Race will be one of the factors considered by Telkom during its controversial restructuring process, the trade union Solidarity said on Monday (23 June).
Telkom announced earlier this month that it plans to cut 4,400 jobs through voluntary severance packages or voluntary early retirement packages.
It also confirmed that 3,400 employees will be transferred to outsourced companies.
Solidarity said in a statement on Monday that Telkom indicated in a section 189 notice to trade unions that employment equity will be one of the selection criteria during the restructuring process.
“If Telkom proceeds with this, it will mean that white employees will bear the brunt of the telecommunication giant’s retrenchment process,” it said.
Solidarity said it warned Telkom in a letter to withdraw the section 189 notice. “We believe that the application of affirmative action targets as selection criteria during retrenchment processes is contrary to the Employment Equity Act. Based on this, we requested Telkom to withdraw the notice,” said spokesperson, Marius Croucamp.
Telkom had wanted to use employment equity as selection criteria during a restructuring process in 2014, the union said, noting that the listed operator eventually backed down from the process.
Solidarity, along with two other trade unions, declared a dispute with Telkom on Friday, accusing the telco of failing to properly consult with trade unions and employees in accordance with its own restructuring forum.
“We believe the section 189 notice is premature and that Telkom should first provide for dispute resolution before the process can continue. In addition, the use of race as a selection criteria is not in the best interests of the company and it also contravenes the principles of Telkom’s restructuring forum,” Croucamp said.

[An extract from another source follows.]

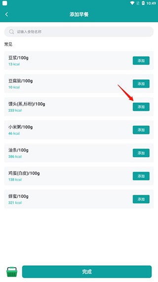 4.完成记录:确认食物及分量后,点击「完成」保存当前餐次数据。

Croucamp said it was worrying that Telkom wanted to enforce such a comprehensive process that would irrevocably change the lives of thousands of people without sufficient consultation.
“Our members do not have enough information to be able to take the necessary decisions. This process simply has to be halted until proper consultations with trade unions have taken place and all the information have been made available,” he said.
The trade union has threatened possible further legal action against Telkom if the company does not take heed of it’s objections.
Telkom is 39.76% owned by government, while the Public Investment Corporation (PIC) has a 13.25% stake in the company.